SUPPLIED ENTRIES: Begin

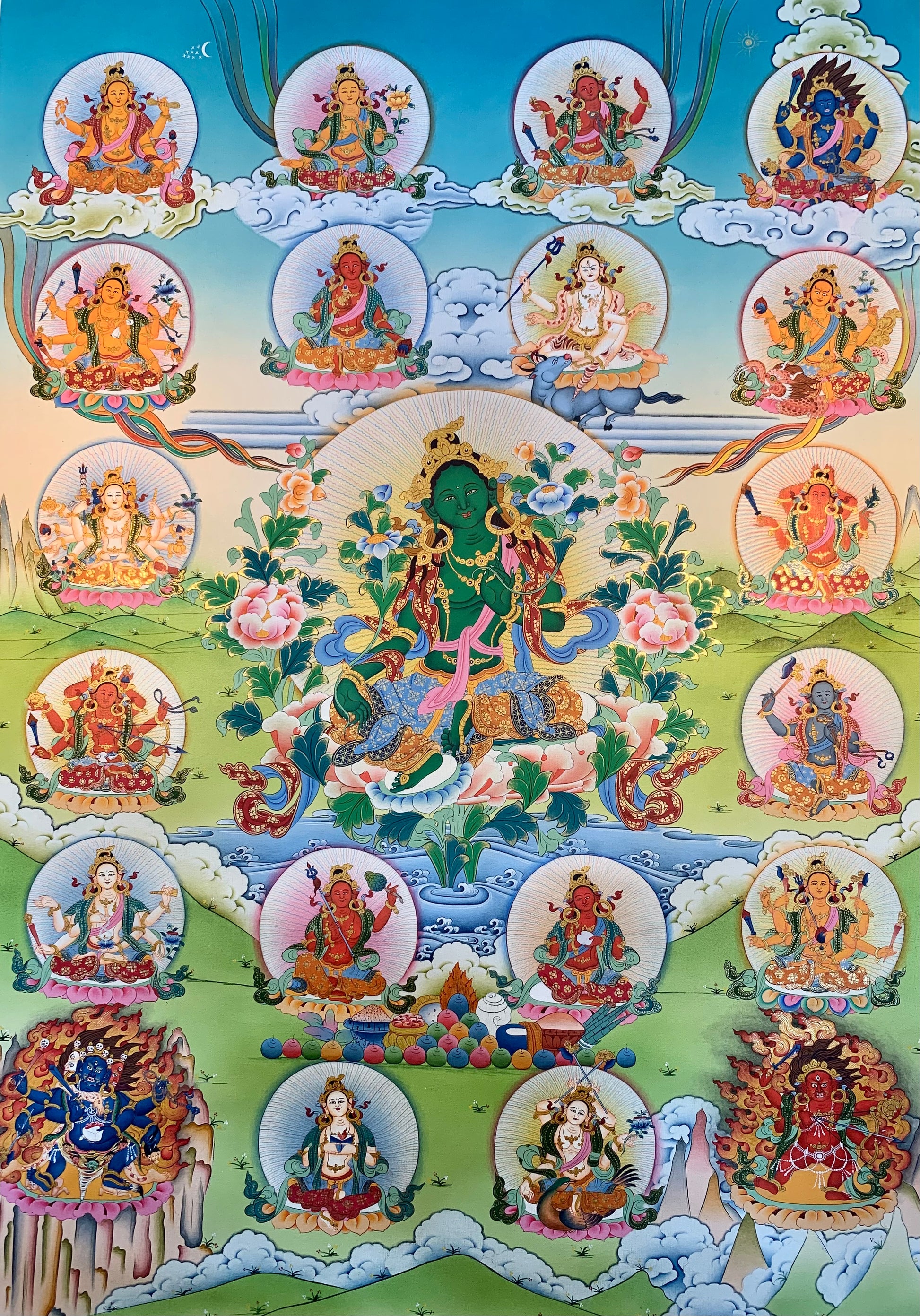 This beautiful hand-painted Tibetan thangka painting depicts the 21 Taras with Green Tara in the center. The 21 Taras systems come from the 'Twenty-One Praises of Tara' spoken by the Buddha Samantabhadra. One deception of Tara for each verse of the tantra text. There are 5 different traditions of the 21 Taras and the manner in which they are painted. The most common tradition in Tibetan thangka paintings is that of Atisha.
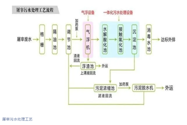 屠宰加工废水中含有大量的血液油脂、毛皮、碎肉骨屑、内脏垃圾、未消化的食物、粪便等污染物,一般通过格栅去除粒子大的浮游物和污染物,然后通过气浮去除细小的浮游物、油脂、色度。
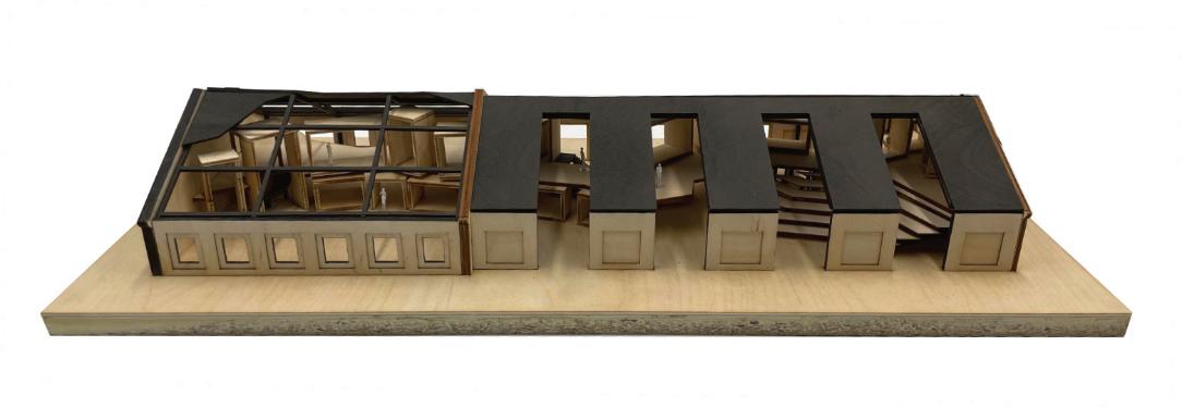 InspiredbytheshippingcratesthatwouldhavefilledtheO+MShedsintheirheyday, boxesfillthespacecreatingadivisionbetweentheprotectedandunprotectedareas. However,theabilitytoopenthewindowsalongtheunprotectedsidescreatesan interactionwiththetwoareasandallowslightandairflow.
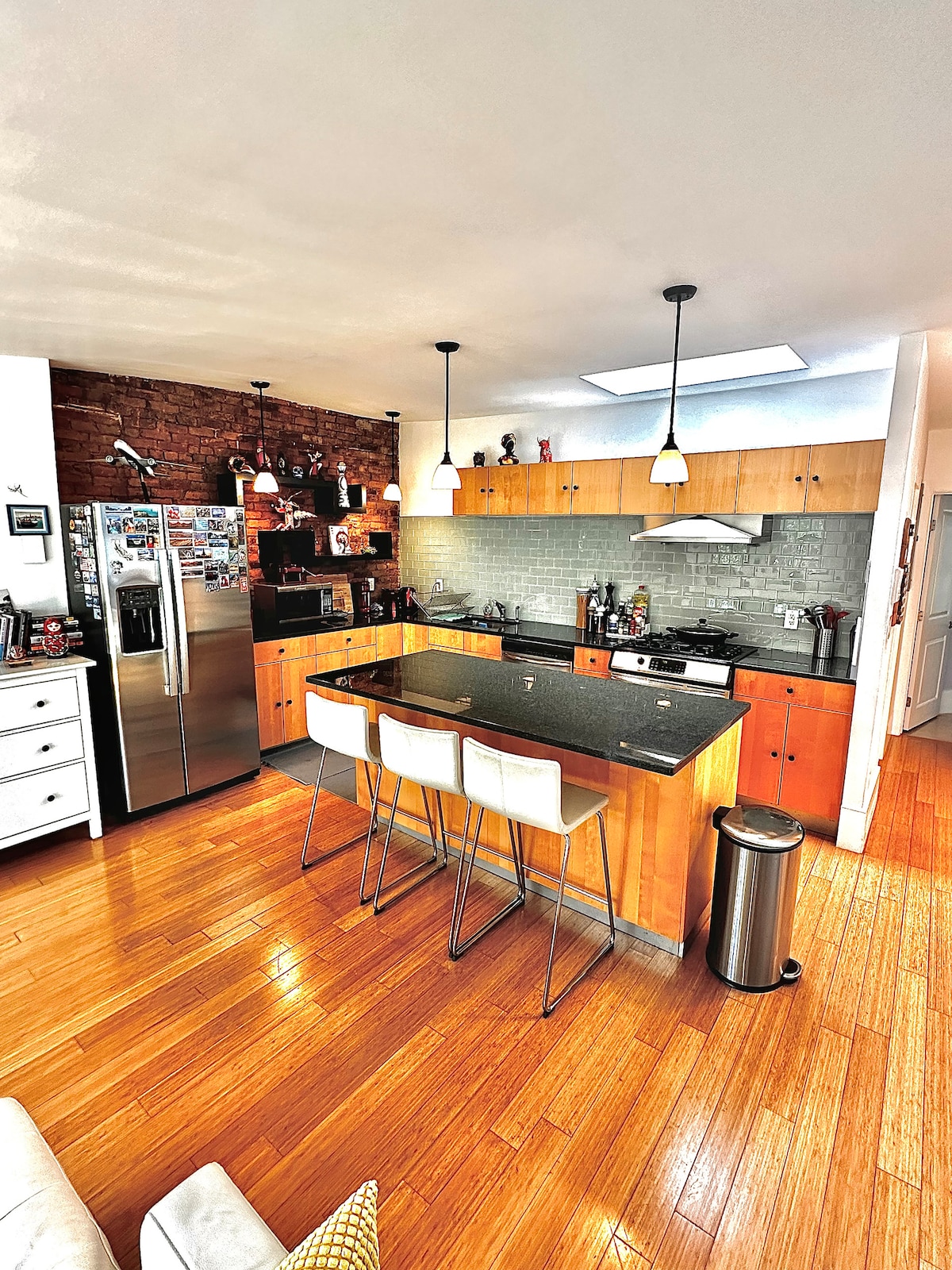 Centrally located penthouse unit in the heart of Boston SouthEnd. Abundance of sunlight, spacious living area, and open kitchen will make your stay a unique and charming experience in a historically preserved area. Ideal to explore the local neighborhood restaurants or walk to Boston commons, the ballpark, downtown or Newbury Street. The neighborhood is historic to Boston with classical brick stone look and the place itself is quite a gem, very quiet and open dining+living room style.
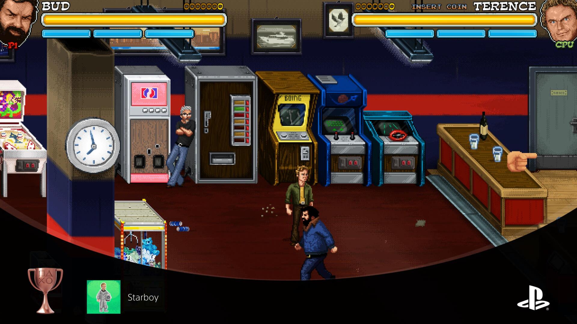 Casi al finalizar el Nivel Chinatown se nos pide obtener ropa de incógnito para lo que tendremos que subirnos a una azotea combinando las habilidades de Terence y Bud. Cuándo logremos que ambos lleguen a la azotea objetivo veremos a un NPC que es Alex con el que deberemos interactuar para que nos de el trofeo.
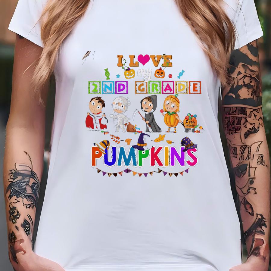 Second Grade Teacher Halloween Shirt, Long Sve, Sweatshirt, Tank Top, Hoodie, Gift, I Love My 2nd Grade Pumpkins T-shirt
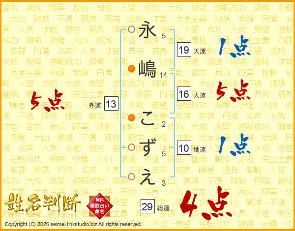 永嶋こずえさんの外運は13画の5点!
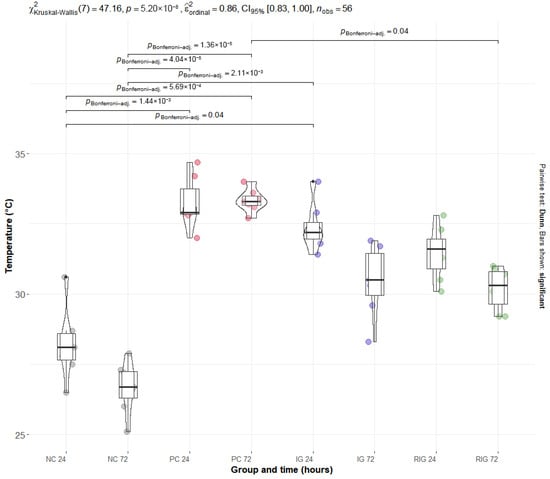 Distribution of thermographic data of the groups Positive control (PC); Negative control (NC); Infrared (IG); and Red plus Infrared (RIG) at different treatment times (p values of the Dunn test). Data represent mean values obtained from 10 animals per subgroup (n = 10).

SUPPLIED ENTRIES: End

_PROBLEM:_
With images left out, the data must be transcribed exactly.

_ANSWER TO THE PROBLEM:_
 This beautiful hand-painted Tibetan thangka painting depicts the 21 Taras with Green Tara in the center. The 21 Taras systems come from the 'Twenty-One Praises of Tara' spoken by the Buddha Samantabhadra. One deception of Tara for each verse of the tantra text. There are 5 different traditions of the 21 Taras and the manner in which they are painted. The most common tradition in Tibetan thangka paintings is that of Atisha.
 屠宰加工废水中含有大量的血液油脂、毛皮、碎肉骨屑、内脏垃圾、未消化的食物、粪便等污染物,一般通过格栅去除粒子大的浮游物和污染物,然后通过气浮去除细小的浮游物、油脂、色度。
 InspiredbytheshippingcratesthatwouldhavefilledtheO+MShedsintheirheyday, boxesfillthespacecreatingadivisionbetweentheprotectedandunprotectedareas. However,theabilitytoopenthewindowsalongtheunprotectedsidescreatesan interactionwiththetwoareasandallowslightandairflow.
 Centrally located penthouse unit in the heart of Boston SouthEnd. Abundance of sunlight, spacious living area, and open kitchen will make your stay a unique and charming experience in a historically preserved area. Ideal to explore the local neighborhood restaurants or walk to Boston commons, the ballpark, downtown or Newbury Street. The neighborhood is historic to Boston with classical brick stone look and the place itself is quite a gem, very quiet and open dining+living room style.
 Casi al finalizar el Nivel Chinatown se nos pide obtener ropa de incógnito para lo que tendremos que subirnos a una azotea combinando las habilidades de Terence y Bud. Cuándo logremos que ambos lleguen a la azotea objetivo veremos a un NPC que es Alex con el que deberemos interactuar para que nos de el trofeo.
 Second Grade Teacher Halloween Shirt, Long Sve, Sweatshirt, Tank Top, Hoodie, Gift, I Love My 2nd Grade Pumpkins T-shirt
 永嶋こずえさんの外運は13画の5点!
 Distribution of thermographic data of the groups Positive control (PC); Negative control (NC); Infrared (IG); and Red plus Infrared (RIG) at different treatment times (p values of the Dunn test). Data represent mean values obtained from 10 animals per subgroup (n = 10).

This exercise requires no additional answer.